━━ Exercise input

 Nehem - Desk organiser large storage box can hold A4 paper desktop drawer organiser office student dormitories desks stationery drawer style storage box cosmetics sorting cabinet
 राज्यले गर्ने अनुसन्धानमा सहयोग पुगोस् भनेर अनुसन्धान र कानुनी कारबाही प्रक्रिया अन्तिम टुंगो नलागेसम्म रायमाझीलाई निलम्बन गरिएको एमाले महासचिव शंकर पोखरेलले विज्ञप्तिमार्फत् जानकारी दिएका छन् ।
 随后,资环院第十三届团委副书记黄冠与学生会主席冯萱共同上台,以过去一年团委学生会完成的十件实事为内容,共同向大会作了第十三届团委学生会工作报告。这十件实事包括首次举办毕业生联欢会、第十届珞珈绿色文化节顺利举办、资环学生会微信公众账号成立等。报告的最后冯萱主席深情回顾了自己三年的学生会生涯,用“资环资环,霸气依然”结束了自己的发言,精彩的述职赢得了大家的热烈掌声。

━━━━
━━ Exercise input

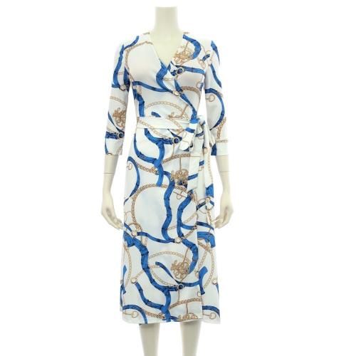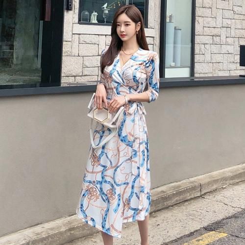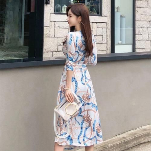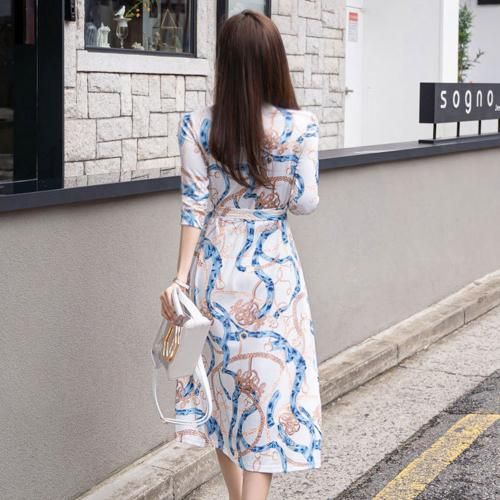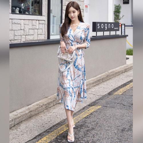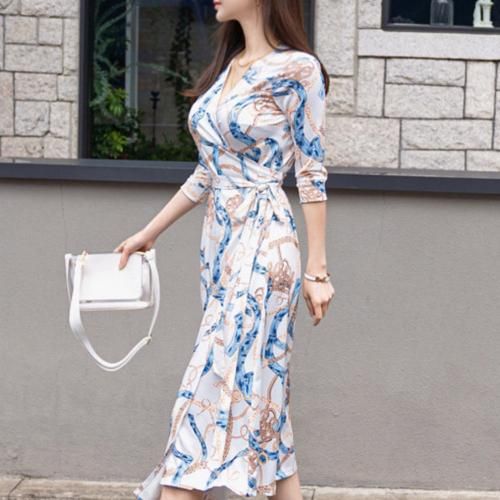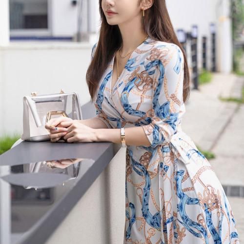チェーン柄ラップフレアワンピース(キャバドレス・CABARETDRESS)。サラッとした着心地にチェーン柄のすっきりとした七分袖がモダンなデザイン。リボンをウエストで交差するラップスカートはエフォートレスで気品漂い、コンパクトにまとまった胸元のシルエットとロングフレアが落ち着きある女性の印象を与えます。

━━━━

◆ **What needs to be done**:
From the data above, reproduce word for word the lines running from the line with "राज्यले गर्ने अनुसन्धानमा" to the line with "随后,资环院第十三届团委副书", ends included.

◆ **Finished task**:
 राज्यले गर्ने अनुसन्धानमा सहयोग पुगोस् भनेर अनुसन्धान र कानुनी कारबाही प्रक्रिया अन्तिम टुंगो नलागेसम्म रायमाझीलाई निलम्बन गरिएको एमाले महासचिव शंकर पोखरेलले विज्ञप्तिमार्फत् जानकारी दिएका छन् ।
 随后,资环院第十三届团委副书记黄冠与学生会主席冯萱共同上台,以过去一年团委学生会完成的十件实事为内容,共同向大会作了第十三届团委学生会工作报告。这十件实事包括首次举办毕业生联欢会、第十届珞珈绿色文化节顺利举办、资环学生会微信公众账号成立等。报告的最后冯萱主席深情回顾了自己三年的学生会生涯,用“资环资环,霸气依然”结束了自己的发言,精彩的述职赢得了大家的热烈掌声。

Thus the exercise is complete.